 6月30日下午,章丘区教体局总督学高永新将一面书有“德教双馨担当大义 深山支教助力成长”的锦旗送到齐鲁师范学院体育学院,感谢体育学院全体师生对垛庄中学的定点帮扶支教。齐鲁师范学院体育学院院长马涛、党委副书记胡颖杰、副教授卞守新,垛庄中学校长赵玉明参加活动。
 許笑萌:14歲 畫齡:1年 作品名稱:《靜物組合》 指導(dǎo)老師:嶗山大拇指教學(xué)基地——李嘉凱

⁂

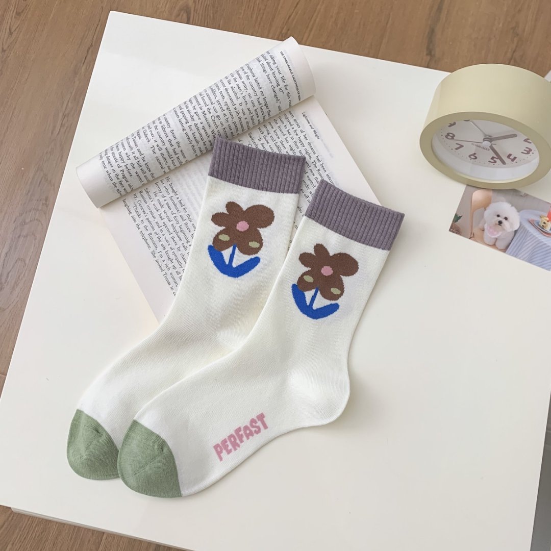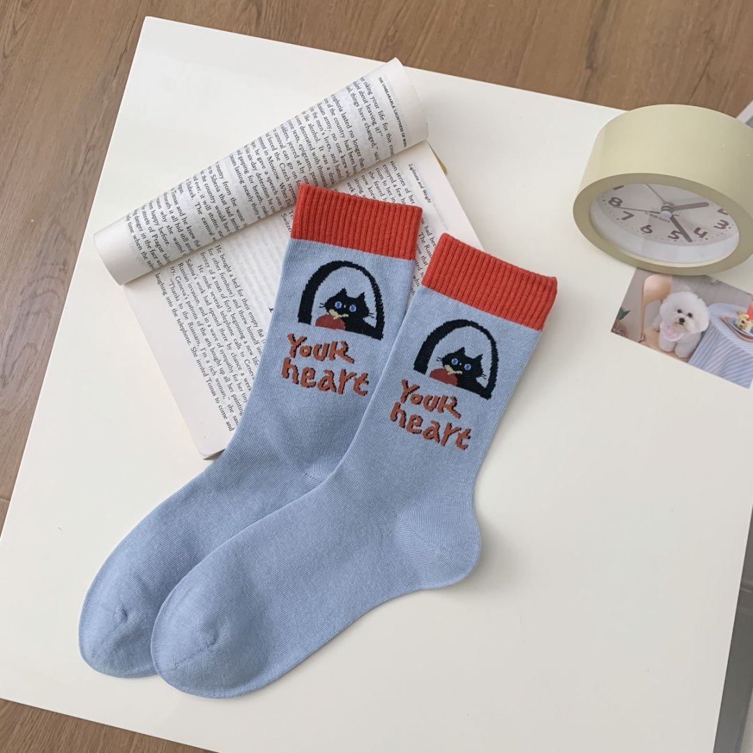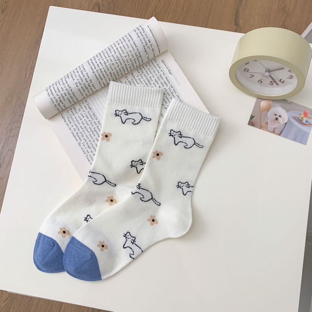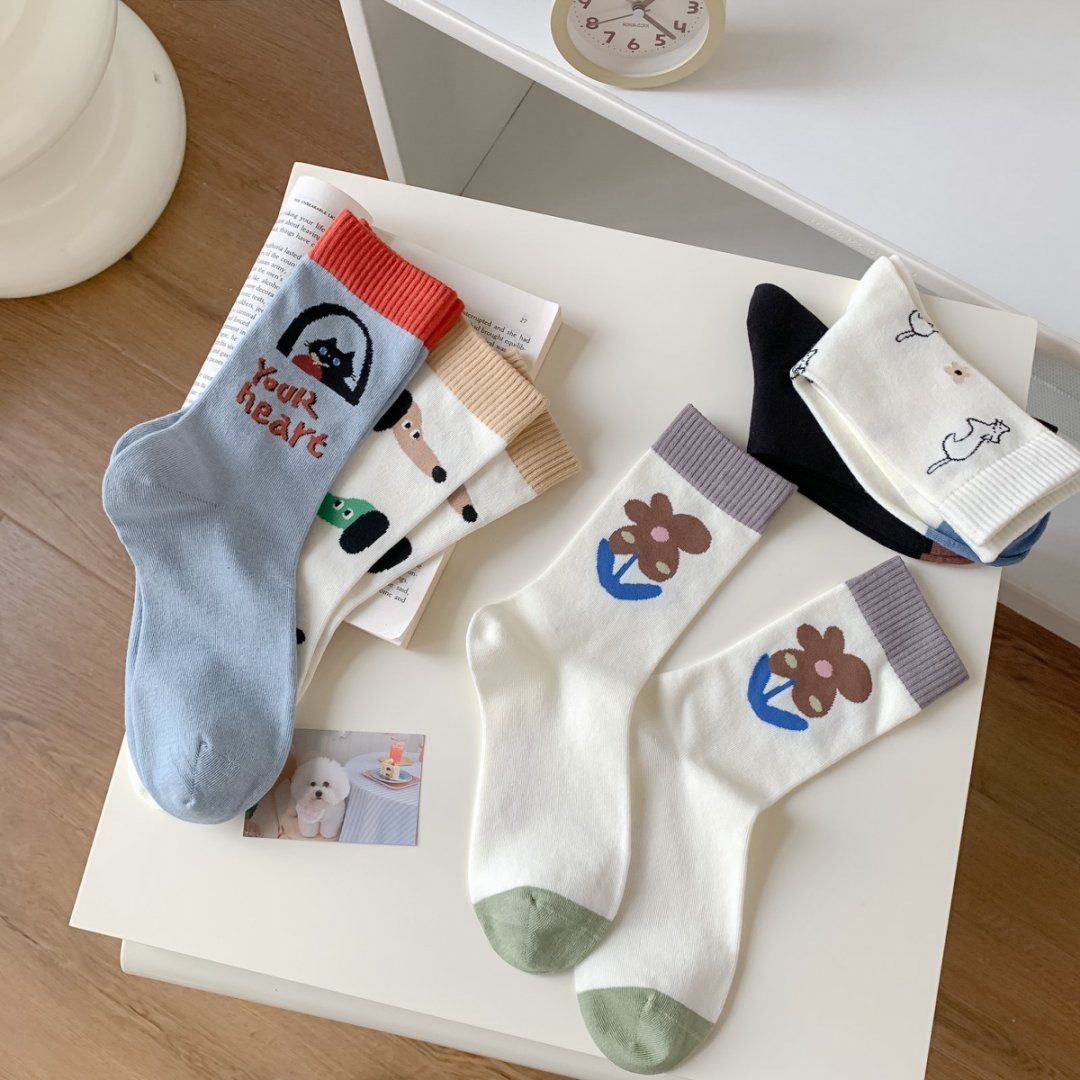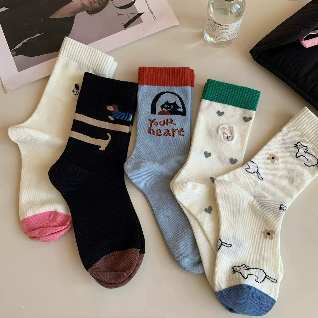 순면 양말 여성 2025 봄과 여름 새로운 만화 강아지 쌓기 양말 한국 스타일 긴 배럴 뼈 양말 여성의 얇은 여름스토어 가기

⁂

Everything from the line containing "6月30日下午,章丘区教体局" through the line containing "許笑萌:14歲 畫齡:1年 作品名稱:《靜物組合》" in the material above should be retyped exactly, both ends included, and nothing more.

 6月30日下午,章丘区教体局总督学高永新将一面书有“德教双馨担当大义 深山支教助力成长”的锦旗送到齐鲁师范学院体育学院,感谢体育学院全体师生对垛庄中学的定点帮扶支教。齐鲁师范学院体育学院院长马涛、党委副书记胡颖杰、副教授卞守新,垛庄中学校长赵玉明参加活动。
 許笑萌:14歲 畫齡:1年 作品名稱:《靜物組合》 指導(dǎo)老師:嶗山大拇指教學(xué)基地——李嘉凱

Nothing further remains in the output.